Here's a quick link to info on the transition from AC Induction-type to the PMSRM in Model 3/Y (and front Raven S/X):

(Dated by a couple of years but, it still seems to be a pretty good explanation of why Tesla went with it...)

pevansjr | March 17, 2020

My 2020 Model X brakes well when n the hold mode. Haven't had any issues at all. Was just in it today with my dad telling him about the convenience of one pedal driving.

jackcolo | March 17, 2020

Drat! Following the Cleantechnica link was interesting and I see that my old technology X is not going to do the full strop thing, as does the 3.
Thanks to those who chimed in to help me understand this.
Maybe I should check out a Y.

jdimports | March 22, 2020

Hi I’m having an issue with my 2020 model X there are times that regenerative braking is limited enough where I have to use my brakes does anybody else have that problem?

ratchet | March 22, 2020

@jdimports - Sounds like your regen is limited by lower temperature or State of Charge. When you first start up, you might get a yellow triangle warning that regen is limited. If you display the Energy app, you should see a dashed yellow line on the negative (regen) part of the power meter which indicates that regen is limited and, therefore, braking will can be less than normal (or even none). If it is cold out, the battery will not accept much of a charge until it warms up. The other issue could be State of Charge on the battery.

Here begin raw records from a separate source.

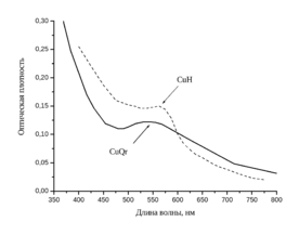 ис.12.. Спектр поглощения наночастиц меди, полученных биохимическим синтезом (CuQr) на стационарной стадии, w = 3.7. Для сравнения показан спектр наночастиц меди, полученных в обратных мицеллах восстановлением гидразином (CuH) при w = 4 [Lisiecki I., Pileni M.-P., 1995].
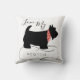 Esta almohada de tiro con temática de perro presenta un lindo terrateniente escocés negro con una bandana de manteca roja y blanca. El texto dice "Ama a mi Escocia", que puede dejarse tal como está o personalizarse. ¡Perfecto para los amantes de los perros de todas las edades! Diseñado por el artista © Tim Coffey.
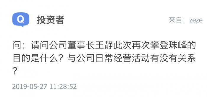 近些年来,越来越多人热衷于征服世界第一高峰,在秋季登山季之后,2019年攀登珠峰的人数可能会达到历史新高,超越去年807人的纪录。在这些攀登者当中,有一位知名企业家,她就是A股上市公司探路者的董事长兼总裁王静。这已经是她第四次攀登珠峰,比王石多两次。

If you are at or near 100%, regen will not be able to generate power back into the battery and regen will not be able to slow down the vehicle until you get below about 95%.

liftsrock | March 24, 2020

@jdimports - My 2020 Model X also has limited regen braking here in Ohio with temperatures in the 30's and low 40's. One pedal driving does work at low speeds but much better after driving for a while and the battery warms up.